Relapsing-remitting multiple sclerosis (MS) patients who experienced breakthrough disease despite treatment with interferon beta-1a required less acute corticosteroids during relapses and had better responses on several MRI outcomes with the addition of fludarabine, compared with monthly methylprednisolone, in a small, prospective, randomized, open-label study.

Investigators led by Dr. Steven J. Greenberg of AbbVie, North Chicago, chose to test fludarabine in the proof-of-concept, pilot study because of its immunosuppressive properties and effectiveness in treating disorders involving immune dysregulation, most notably lymphoproliferative disorders and hematologic malignancies.

Fludarabine is a purine nucleoside analog prodrug that upon phosphorylation is toxic to dividing and quiescent lymphocytes and monocytes, according to the researchers, and exerts its effects through DNA synthesis interference and apoptosis. Methylprednisolone was used as an add-on comparator because of its common use in multiple sclerosis.

In addition to weekly intramuscular interferon beta-1a (Avonex), all 18 patients in the study initially received IV methylprednisolone 1 g once daily for 3 consecutive days, and then 1 week later were randomized to receive fludarabine 25 mg/m2 IV once daily for 5 consecutive days per 4-week cycle for 3 consecutive cycles or methylprednisolone 1 g IV 1 day per 4-week cycle for 3 consecutive cycles ( Ther Adv Neurol Disord. 2016 Jan 21. doi: 10.1177/1756285615626049 ).

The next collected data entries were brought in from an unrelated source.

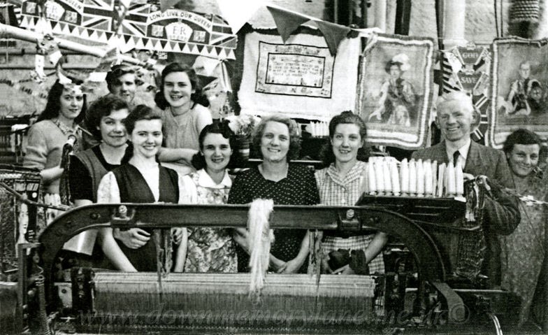 Staff from the Antrim Weaving Company marking the Coronation of Queen Elizabeth
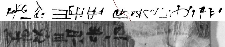 Chris Smith said: The images below show sequential characters from Book of Abraham Manuscript # 1 juxtaposed with sequential characters from the Hor Document of Breathing. As should be evident from these images, the characters come sequentially from the Breathing Document except where there is a lacuna. It is to fill the lacuna that Joseph draws characters from elsewhere on the fragment. This is what Gee failed to tell his audience.
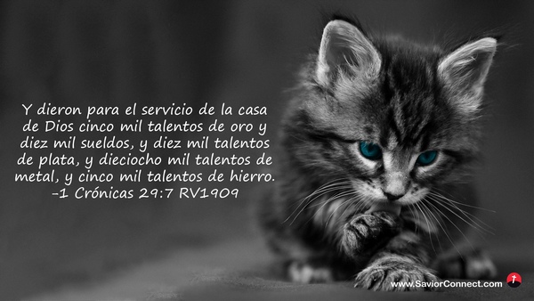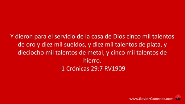 Y dieron para el servicio de la casa de Dios cinco mil talentos de oro y diez mil sueldos, y diez mil talentos de plata, y dieciocho mil talentos de metal, y cinco mil talentos de hierro. -1 Crónicas 29:7 RV1909
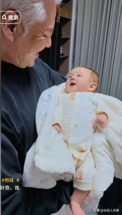 只是这满是岁月痕迹的模样,和怀中白嫩软糯、满脸胶原蛋白的 70 天婴儿形成了强烈的视觉反差。
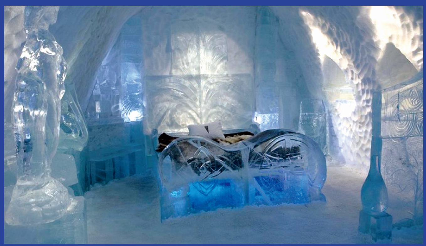 每年重建一次的冰酒店,內外裝修全由冰雪建造而成。酒店提供很多雪地活動如用雪上電單車追蹤北極光、狗拉雪橇等。
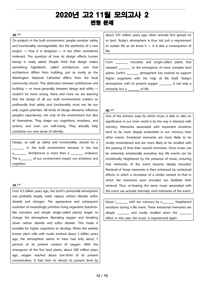 2020년 고2 11월 전국 연합 모의고사 변형 문제, 내신대비, 영어내신자료,고등영어자료, 모의고사 변형문제,전국 연합모의고사 변형자료, 모의고사 영어 서술형 대비, 대치동 고등 영어자료, 대치
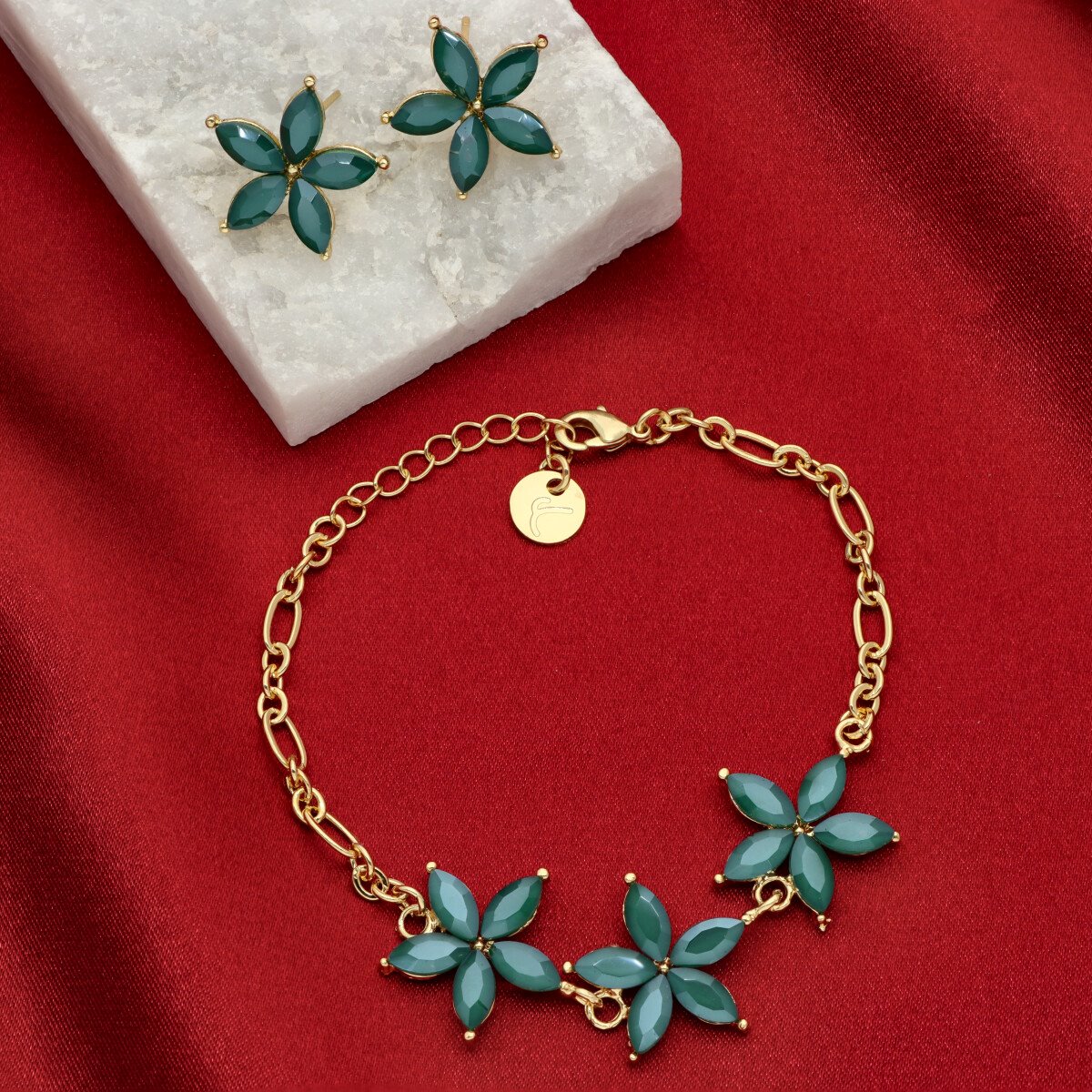 Uroczy, niezwykle kobiecy zestaw biżuterii wizytowej, który subtelnie podkreśla elegancję stylizacji. Komplet składa się z regulowanej bransoletki oraz efektownych kolczyków o długości ok 2 cm, które pięknie wysmuklają szyję i dodają lekkości całej sylwetce.

Treatment-emergent adverse events occurred with similar frequency in each group over 12 months of follow-up, with infection being the most common AE (three with fludarabine and two with methylprednisolone). Grade 3 or grade 2 leukopenia that had not normalized within 28 days after treatment occurred in three fludarabine patients and one methylprednisolone patient, and took significantly longer resolve for those taking fludarabine (3.75 months vs. 0.17 months).

Over 12 months of follow-up, fludarabine-treated patients experienced numerically, but not significantly, fewer mean relapses (0.5 vs. 0.8) and longer median time to relapse (10.5 months vs. 8.5 months). However, fludarabine led to significantly fewer mean cycles of corticosteroids (0.5 vs. 0.8).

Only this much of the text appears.